Una estación evocadora, de versos, de canciones, de cuentos, de novelas, de fotografías, de cuadros … y hoy de este pequeño post en mi humilde blog. El otoño tiene una luz especial, tiene un olor especial, tiene un color especial. Para muchos más tenue, más húmedo, más apagado. Para mí es extraordinario.

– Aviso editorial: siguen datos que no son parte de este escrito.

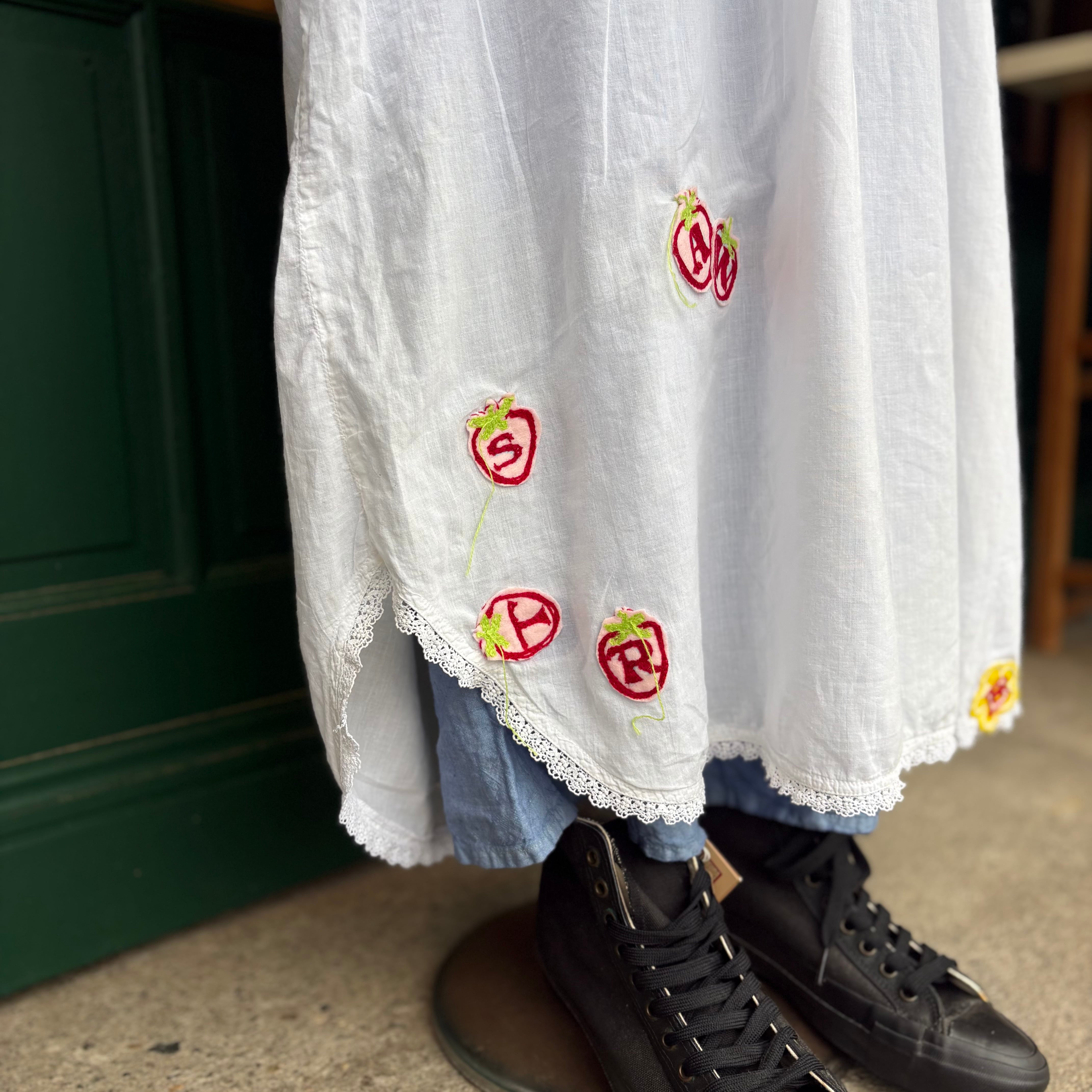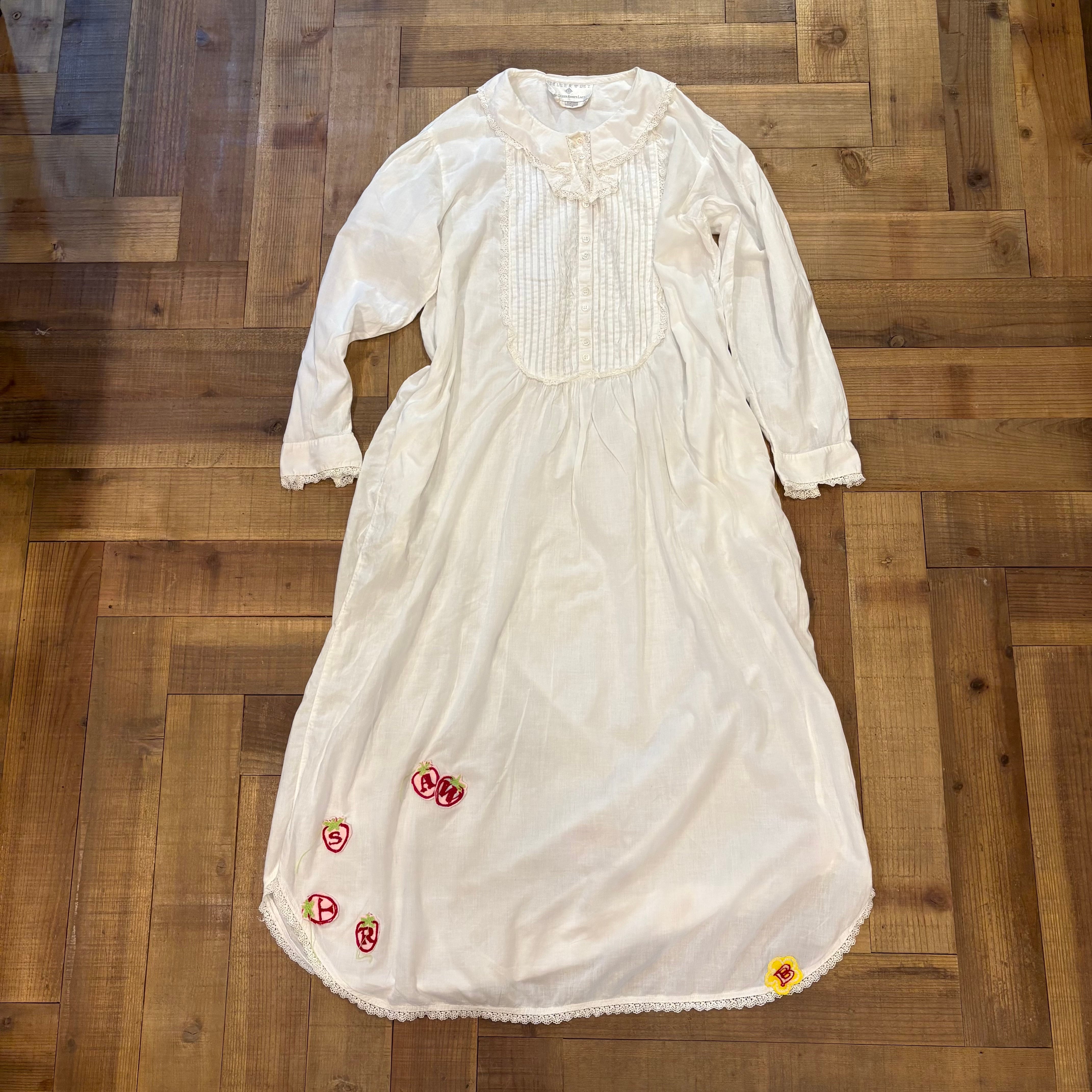 ヴィンテージワンピースにいちごのワッペン刺繍を散りばめました。ヴィンテージの雰囲気が出ている襟元のデザイン。胸元には丁寧なピンタックとレースを施し、上品さをプラス。フロントはボタン仕様で前開きになっており、着脱もスムーズです。いちごにはアルファベットが入り、つなげると「STRAWBERRY」に。楽しさを感じられる大人のいちごワンピースです。全体的にふわっとしたデザインですが、ウエストにベルトを合わせてメリハリもつけれます。薄手のコットン素材で透け感あり。重ね着コーデにおすすめです。

El otoño es la estación de los higos, ésos que con un palo y una lata atada alcanzaba a quitar de la higuera, cogida de la mano de mi güelito Armando. De las moras, ésas que cogíamos en calderos por las zarzas de León mis primas y yo y que luego, con la paciencia que sólo da la infancia, machacábamos con abundante azúcar para hacer “nuestra mermelada”, la que dejaba una huella difícil de borrar en la cocina de atrás de San Pedro y en todos los utensilios que no volverían ya nunca a su color habitual. De las ablanas, ésas que cada vez que íbamos a Infiestu sacaba a puñados de un cesto tío Duardo para llenarnos los bolsillos. De las castañas y de los paseos que con el catecismo o con el colegio dábamos para ir a la gueta y pincharnos con los erizos. De ésas castañas que cocidas en ollas grandes en la cocina de carbón de La Abonión daban un olor especial a la comida de los gochos, que por qué no confesar, a mí me encantaba. Si nunca habéis comido las castañas cocidas, probadlas, de verdad, son un auténtico manjar. De las granadas, ésa fruta tan exótica que mi madre me compraba para que yo disfrutase, no sólo de su sabor si no, para que me entretuviese deshaciendo sus granos uno a uno y haciendo un montón que luego comía con cuchara.
El otoño, una estación evocadora de muy buenos recuerdos.